Closure Of The Company – Various Exit Modes Of Voluntary Winding Up

A company is a creation of law; therefore, it has to be closed by the prescribed rules and regulations. Closure of a Company means when a business is bought to an end because of certain reasons is called Company closure. Before closing the Company money has to be paid off to all creditors and assets are distributed. There are various ways of closing a Company under the Companies Act,2013, and the Insolvency and Bankruptcy Code, 2016.

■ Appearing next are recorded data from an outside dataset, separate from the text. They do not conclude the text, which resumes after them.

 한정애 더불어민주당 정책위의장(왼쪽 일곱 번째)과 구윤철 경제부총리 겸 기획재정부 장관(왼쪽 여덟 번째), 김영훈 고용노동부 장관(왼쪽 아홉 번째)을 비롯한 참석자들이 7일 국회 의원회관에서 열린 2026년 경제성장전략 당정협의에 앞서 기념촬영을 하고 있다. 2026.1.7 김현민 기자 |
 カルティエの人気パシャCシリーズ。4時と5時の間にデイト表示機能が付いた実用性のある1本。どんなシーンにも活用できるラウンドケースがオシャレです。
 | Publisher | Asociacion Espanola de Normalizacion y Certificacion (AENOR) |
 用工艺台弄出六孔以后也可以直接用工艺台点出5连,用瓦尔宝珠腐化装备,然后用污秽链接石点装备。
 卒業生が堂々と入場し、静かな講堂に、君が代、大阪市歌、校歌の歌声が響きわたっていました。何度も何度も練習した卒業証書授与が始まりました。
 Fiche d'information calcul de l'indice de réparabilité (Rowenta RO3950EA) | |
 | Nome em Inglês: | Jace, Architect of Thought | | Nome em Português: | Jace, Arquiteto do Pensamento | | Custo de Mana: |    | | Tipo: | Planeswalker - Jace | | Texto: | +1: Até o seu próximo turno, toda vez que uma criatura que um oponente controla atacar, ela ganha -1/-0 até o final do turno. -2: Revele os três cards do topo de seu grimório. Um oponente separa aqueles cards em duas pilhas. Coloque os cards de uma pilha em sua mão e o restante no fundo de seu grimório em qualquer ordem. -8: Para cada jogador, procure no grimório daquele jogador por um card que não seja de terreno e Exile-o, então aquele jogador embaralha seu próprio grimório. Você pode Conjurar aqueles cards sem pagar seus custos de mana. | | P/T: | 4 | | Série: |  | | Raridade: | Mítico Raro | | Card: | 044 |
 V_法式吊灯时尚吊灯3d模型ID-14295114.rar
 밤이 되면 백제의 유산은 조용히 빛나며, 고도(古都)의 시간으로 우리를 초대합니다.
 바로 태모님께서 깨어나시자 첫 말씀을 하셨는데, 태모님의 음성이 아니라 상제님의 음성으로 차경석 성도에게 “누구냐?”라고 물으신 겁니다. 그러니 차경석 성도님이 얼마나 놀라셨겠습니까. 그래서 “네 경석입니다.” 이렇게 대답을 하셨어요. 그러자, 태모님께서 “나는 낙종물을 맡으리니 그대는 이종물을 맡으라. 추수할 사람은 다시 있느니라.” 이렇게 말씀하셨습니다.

The Companies Act is the legislation that governs the formation of Companies in India. It was passed by Parliament and came into effect on 1st April 2013. The Act’s main purpose is to protect investors’ interest from incorporation to the Winding of the Company. There are two routes through which a company can be wound up which include Strike off and winding up and;

Insolvency and Bankruptcy code, 2016 was introduced to promote a time-bound process to resolve insolvency. ‘Insolvency’ and ‘Bankruptcy’ terms are both used mutually, where Insolvency defines the financial state of an individual and Bankruptcy means legal proceedings carried out to allow an individual or Company freedom from their debts. When a default occurs, creditors get control over the debtor’s assets and must take decisions to resolve insolvency. However, the route under which the corporate debtor i.e., the Company itself can initiate the process for CIRP and liquidation is sections 10 and 59 of IBC 2016. The section was introduced in the Code to vest right in the hands of the corporate debtor i.e., the Company.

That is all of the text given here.